Postoperative arrhythmias are the most common complication after cardiac surgery with an overall reported incidence of 5% to 63%.36 The most frequent arrhythmia is atrial fibrillation, which occurs in up to 40% of patients following bypass graft surgery and 60% of patients following combined CABG valve surgery.36 Inflammation of the myocardium and mechanical disruption of the cardiac conduction system during surgery predispose cardiac surgical patients to bradyarrhythmias and heart block during the postoperative period. Accordingly, placement of temporary epicardial pacing wires in the ventricles and atria is routine.37 Atrial wires will allow for AV synchrony during contraction, but removal of these wires from the more fragile atrial tissue may place the patient at an increased risk of atrial damage and tamponade.

Given the association of supraventricular arrhythmias with increased morbidity and length of stay, considerable research effort has focused on prevention and treatment.38 In the postoperative period, 60% of arrhythmias manifest within the first 3 postoperative days.38 For the patient with new-onset atrial fibrillation or flutter, the first step is to decide whether any hemodynamic instability is present. In the unstable patient, preparations should be made for immediate cardioversion according to Advanced Cardiac Life Support (ACLS) guidelines. In the hemodynamically stable patient, examination of the serum metabolic panel should be done for evidence of hypokalemia or hypomagnesemia with repletion of potassium or magnesium as necessary. If atrial fibrillation persists, the clinician must decide whether rate or rhythm control is preferred. Although rate control will limit tachycardia and myocardial oxygen consumption, it will not provide the benefit of atrial contraction and requires long-term anticoagulation.

If rate control is deemed appropriate for the patient, the most common agents used include beta blockers (e.g., atenolol or metoprolol), calcium channel blockers (e.g., diltiazem or verapamil), and digoxin.38 Care should be avoided when administering beta blockers to patients with severe chronic obstructive pulmonary disease (COPD) or reduced ejection fraction.

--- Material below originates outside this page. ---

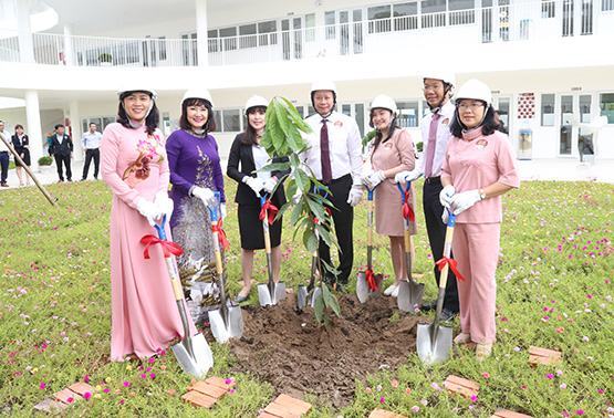 Đại biểu trồng cây lưu niệm tại sân trường

In patients with atrial fibrillation or flutter for less than 48 hours or with an echocardiogram devoid of intracardiac thrombus, rhythm control can be attempted. Prior to initiation of antiarrhythmic therapy, a 12-lead ECG should be examined for evidence of QT interval prolongation. The most common medications used for rhythm control include amiodarone, sotalol, procainamide, and ibutilide. In patients with decreased ejection fraction, amiodarone is the agent of choice. ECG monitoring should be performed during initiation and maintenance of rhythm control agents because any of these medications may provoke malignant arrhythmias. If medications fail to restore sinus rhythm and atrial fibrillation or flutter is less than 48 hours in duration, synchronized cardioversion with a biphasic defibrillator can be performed.

Bleeding

If left untreated, hemorrhage and uncorrected coagulopathy can lead to devastating complications in the cardiac surgery patient. Excess bleeding occurs in 20% of cardiac surgical patients with approximately 5% requiring surgical reexploration.39,40 Many factors contribute to this increased risk of hemorrhage. Preoperatively, patients are routinely on antiplatelet therapy and anticoagulant medications. Intraoperative exposure to CPB initiates contact activation of platelets with resultant thrombocytopathy and thrombocyopenia. In addition, the extracorporeal circuit exacerbates inflammation and amplifies fibrinolysis.41

Thromboelastography (TEG) and point-of-care (POC) testing are useful to guide blood product administration as the rapid rate of bleeding in the cardiac surgery patient outpaces the results obtained with standard laboratory testing.42,43 In contrast to management of anemia in medical patients, transfusion of blood products in cardiac surgical patients is often determined by immediate clinical findings (e.g., intraoperative surgical field oozing, increased postoperative chest tube output, or hypotension). Increased rate of bleeding, greater than 500 mL over 2 hours, usually correlates with a source of bleeding that is amenable to surgical repair. Many institutions have established criteria upon which the surgical team will reexplore the patient for evacuation—chest tube output of greater than 500 mL within the first 2 postoperative hours requires surgical exploration. Initial evaluation of the bleeding cardiac surgery patient should focus on any abnormal physiologic parameters that may contribute to ongoing coagulopathy—severe acidemia, alkalemia, or hypothermia will impair hemostasis and should be corrected.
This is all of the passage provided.